(Task material begins)
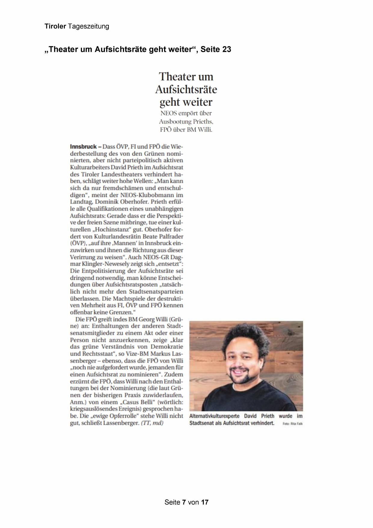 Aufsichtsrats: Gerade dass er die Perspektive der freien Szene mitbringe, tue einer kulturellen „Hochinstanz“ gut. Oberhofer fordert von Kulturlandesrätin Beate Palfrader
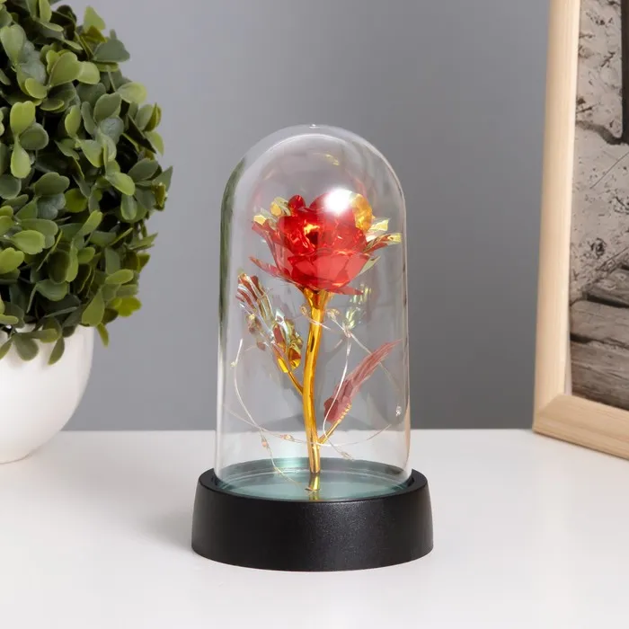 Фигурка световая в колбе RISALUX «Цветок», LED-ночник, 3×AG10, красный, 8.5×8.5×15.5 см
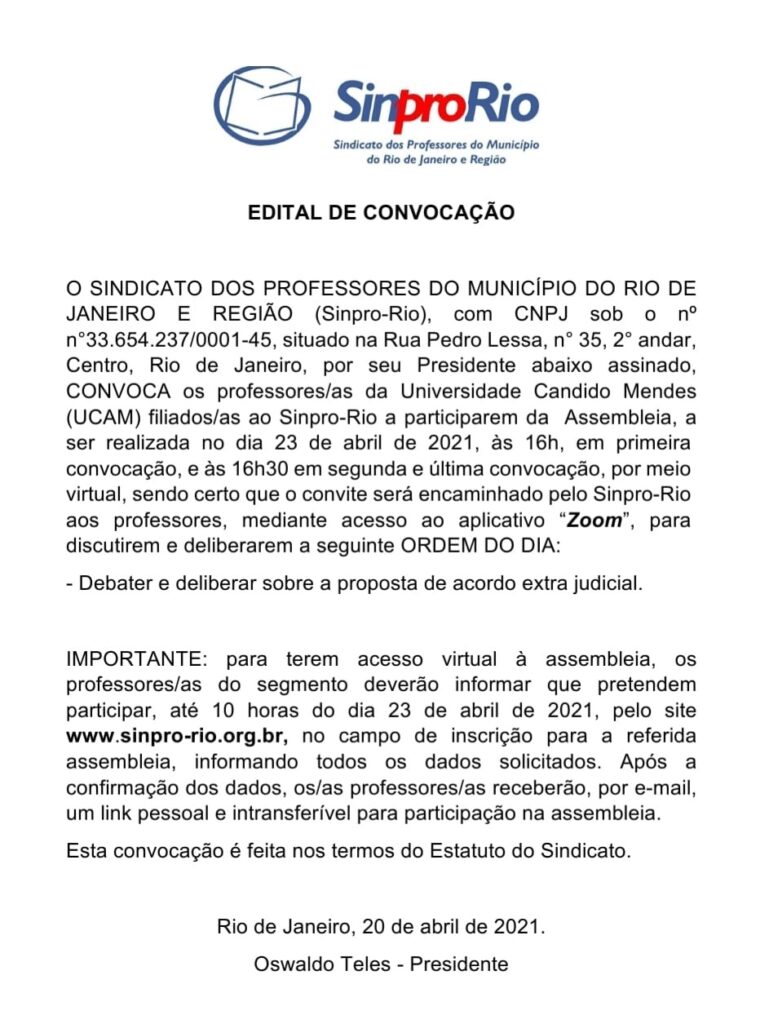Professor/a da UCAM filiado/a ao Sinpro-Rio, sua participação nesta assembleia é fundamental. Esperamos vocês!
(Task material ends)
(Task material begins)
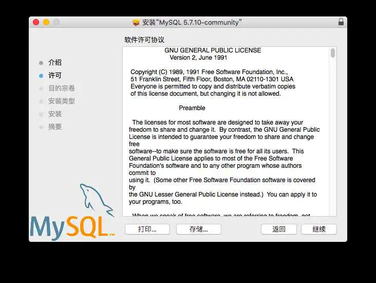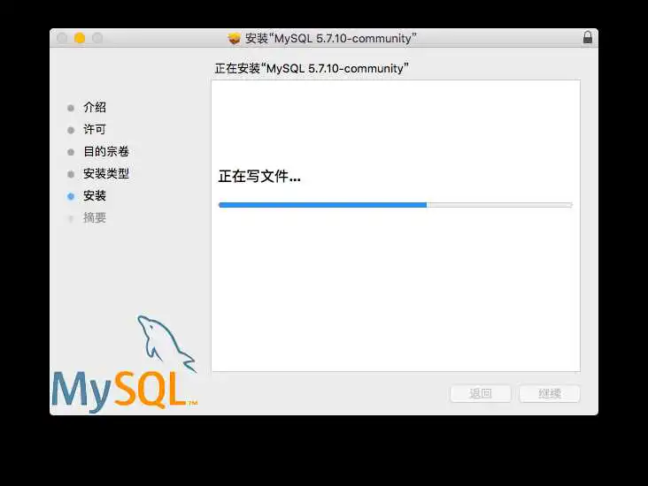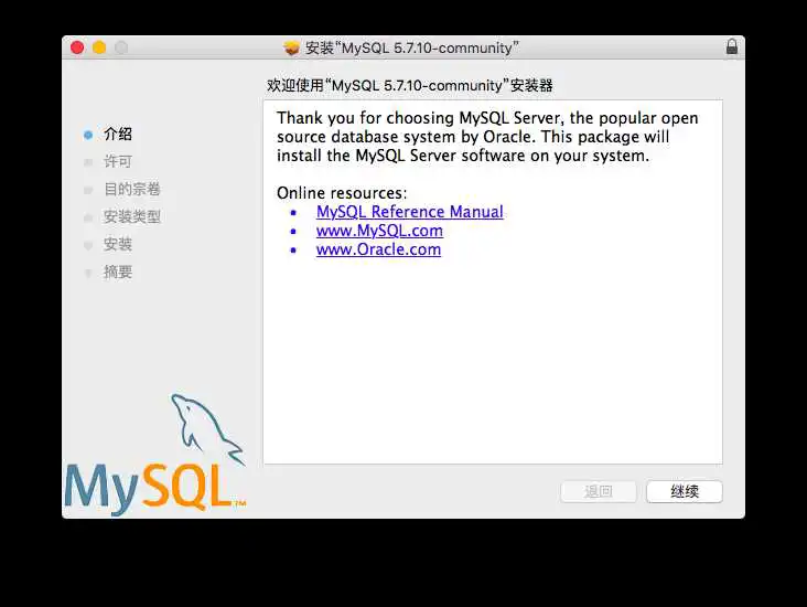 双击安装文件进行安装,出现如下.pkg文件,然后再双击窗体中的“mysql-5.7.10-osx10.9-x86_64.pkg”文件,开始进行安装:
(Task material ends)
(Task material begins)
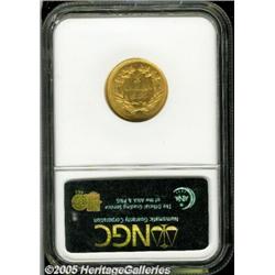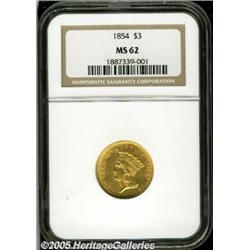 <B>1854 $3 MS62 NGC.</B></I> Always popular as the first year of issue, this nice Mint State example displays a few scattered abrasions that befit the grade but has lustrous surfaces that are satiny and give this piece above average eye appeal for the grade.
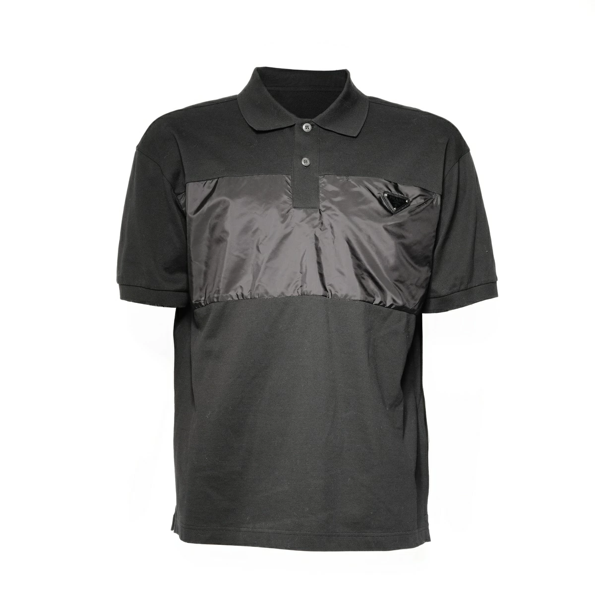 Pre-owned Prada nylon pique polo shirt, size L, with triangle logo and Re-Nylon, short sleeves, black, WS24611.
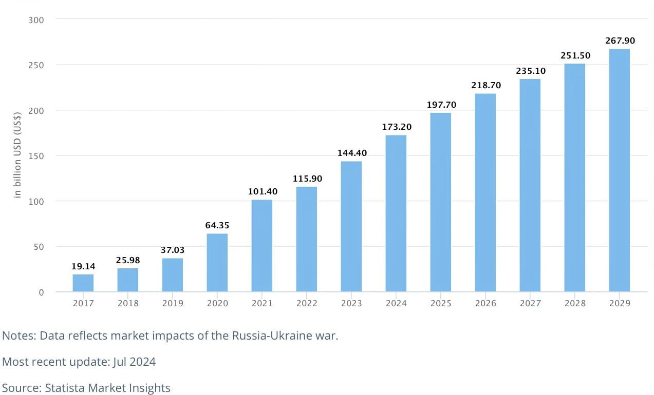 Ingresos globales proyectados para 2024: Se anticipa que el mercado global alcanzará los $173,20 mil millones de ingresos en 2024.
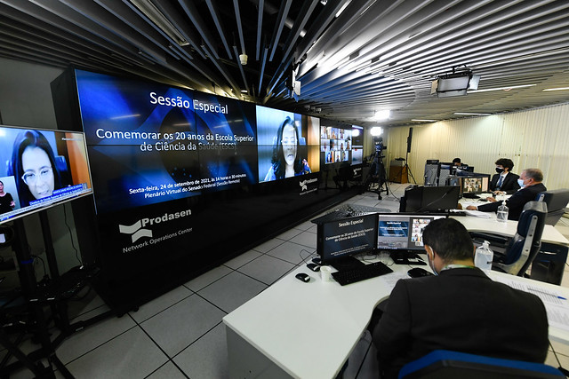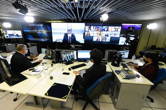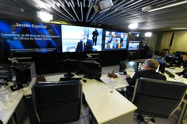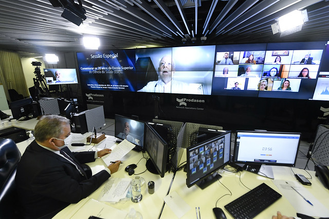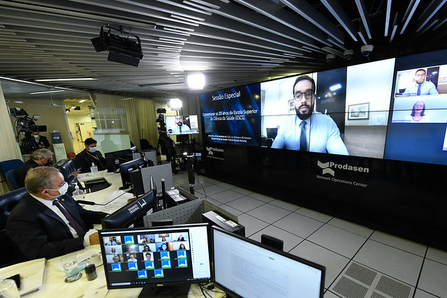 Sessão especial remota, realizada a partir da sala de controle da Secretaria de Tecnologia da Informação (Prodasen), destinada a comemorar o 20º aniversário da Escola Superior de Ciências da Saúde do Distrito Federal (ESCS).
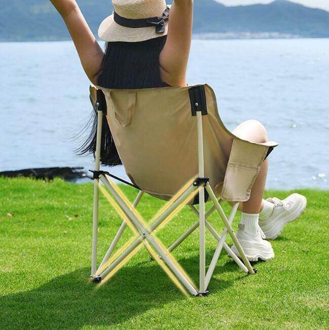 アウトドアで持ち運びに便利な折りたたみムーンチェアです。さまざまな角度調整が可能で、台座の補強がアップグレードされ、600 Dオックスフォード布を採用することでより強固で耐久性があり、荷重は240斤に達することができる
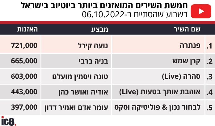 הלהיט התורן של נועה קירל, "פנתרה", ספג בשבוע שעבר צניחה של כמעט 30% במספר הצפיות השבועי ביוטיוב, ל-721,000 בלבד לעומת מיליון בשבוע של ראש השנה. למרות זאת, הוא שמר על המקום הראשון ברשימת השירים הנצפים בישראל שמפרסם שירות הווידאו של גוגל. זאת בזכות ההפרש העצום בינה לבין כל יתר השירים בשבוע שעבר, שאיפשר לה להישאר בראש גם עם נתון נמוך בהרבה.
(Task material ends)
» What is required: Look above for the line with "Pre-owned Prada nylon" and the line with "הלהיט התורן של". Output those two and everything between them exactly, pictures excluded.

» Solution to this task:
 Pre-owned Prada nylon pique polo shirt, size L, with triangle logo and Re-Nylon, short sleeves, black, WS24611.
 Ingresos globales proyectados para 2024: Se anticipa que el mercado global alcanzará los $173,20 mil millones de ingresos en 2024.
 Sessão especial remota, realizada a partir da sala de controle da Secretaria de Tecnologia da Informação (Prodasen), destinada a comemorar o 20º aniversário da Escola Superior de Ciências da Saúde do Distrito Federal (ESCS).
 アウトドアで持ち運びに便利な折りたたみムーンチェアです。さまざまな角度調整が可能で、台座の補強がアップグレードされ、600 Dオックスフォード布を採用することでより強固で耐久性があり、荷重は240斤に達することができる
 הלהיט התורן של נועה קירל, "פנתרה", ספג בשבוע שעבר צניחה של כמעט 30% במספר הצפיות השבועי ביוטיוב, ל-721,000 בלבד לעומת מיליון בשבוע של ראש השנה. למרות זאת, הוא שמר על המקום הראשון ברשימת השירים הנצפים בישראל שמפרסם שירות הווידאו של גוגל. זאת בזכות ההפרש העצום בינה לבין כל יתר השירים בשבוע שעבר, שאיפשר לה להישאר בראש גם עם נתון נמוך בהרבה.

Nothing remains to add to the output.